Pork Belly Grub Shack: Fine swining
Pork Belly Grub Shack4261 Truxel Rd.
Pork Belly Grub Shack encourages its customers to pig out. A prominent painting carries the mantra, “Swine is Fine.” It is very fine, but the cut from the underside of the pig hovers near 90 percent fat with multiple hundreds of calories per serving. Explaining it a different way, when cured and smoked, pork belly is bacon. The words “pork belly” just scream south of the Mason-Dixon Line: “Hey, y’all, let’s git us some grits and pork belly and maybe fry us up a mess o’ catfish.” But, usually cubed or diced, pork belly is routinely showcased in Asian cooking, and now appears with increasing regularity at swanky white-cloth restaurants.
As the name implies, Pork Belly Grub Shack is anything but swanky with its red-and-white checkered tablecloths and towering plastic self-serve napkin dispenser. The space is sunny and utilitarian. It is a joint venture of Aimel Formoli—of Formoli’s Bistro—and Billy Ngo, creator of Kru Contemporary Japanese Cuisine and the great, lamentably late Red Lotus Kitchen & Bar. The shack sits in a Natomas strip mall, and, on an initial visit, patrons may recognize a friendly face behind the counter: Kim, the waitress who brightened all visits to Momiji Sushi and Grill, the downtown Japanese joint. Now she’s helping Ngo at the Grub Shack, and the eatery is a better place for having her there.
Kim and the other helpful staff tend to steer patrons toward offerings starring the first two words in the restaurant’s name. (Shocking!) But there is also a barbecue chicken salad, a catfish po’boy, a couple of steak options and several powerful burgers. For vegetarians who venture in, there’s the French Pig sandwich—Brie, roasted tomatoes and caramelized onions—and the Porkless Bella Burger—portobello mushroom and jack cheese with tomato and mixed greens.

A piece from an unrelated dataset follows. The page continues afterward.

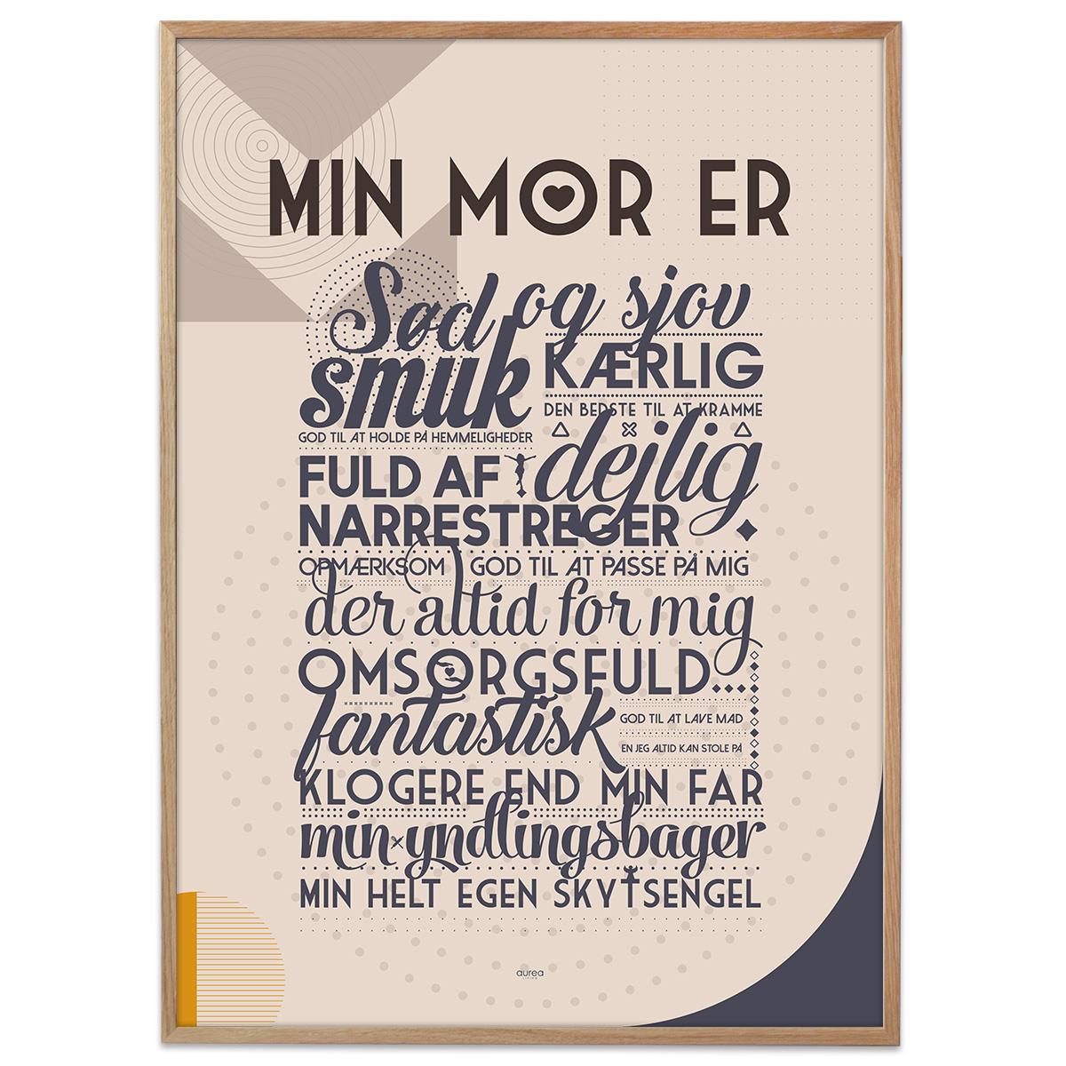 Plakat med tekster og citater om Mor. Mor, der er sød, sjov, omsorgsfuld, stærk, sej og bare alletiders.

A brief detour: The bulk of the burgers and sandwiches are garnished with mixed greens, which deliver a panoply of flavorful interplay with the other ingredients that iceberg can only dream of.
But who the hell wants steak and chicken and big-headed mushrooms at a place that so proudly promotes pork belly? Go whole hog with the Big Piggin burger and accompany it with Pork Belly Fries. Then, try and finish the meal. The first bite is salty and sweet. The beef patty is richly flavored and the barbecue sauce piquant. There’s also some bitchin’ mixed greens, cheddar, a strong splash of garlic aioli and sliced pork belly. It’s greasy and begins to fall apart sooner rather than later, but can’t be put down. It’s not quite as big a handful, however, or as fast a disintegrator as the Hot Mess, a similar burger that’s sans pork belly and served on sourdough with a fried egg on top.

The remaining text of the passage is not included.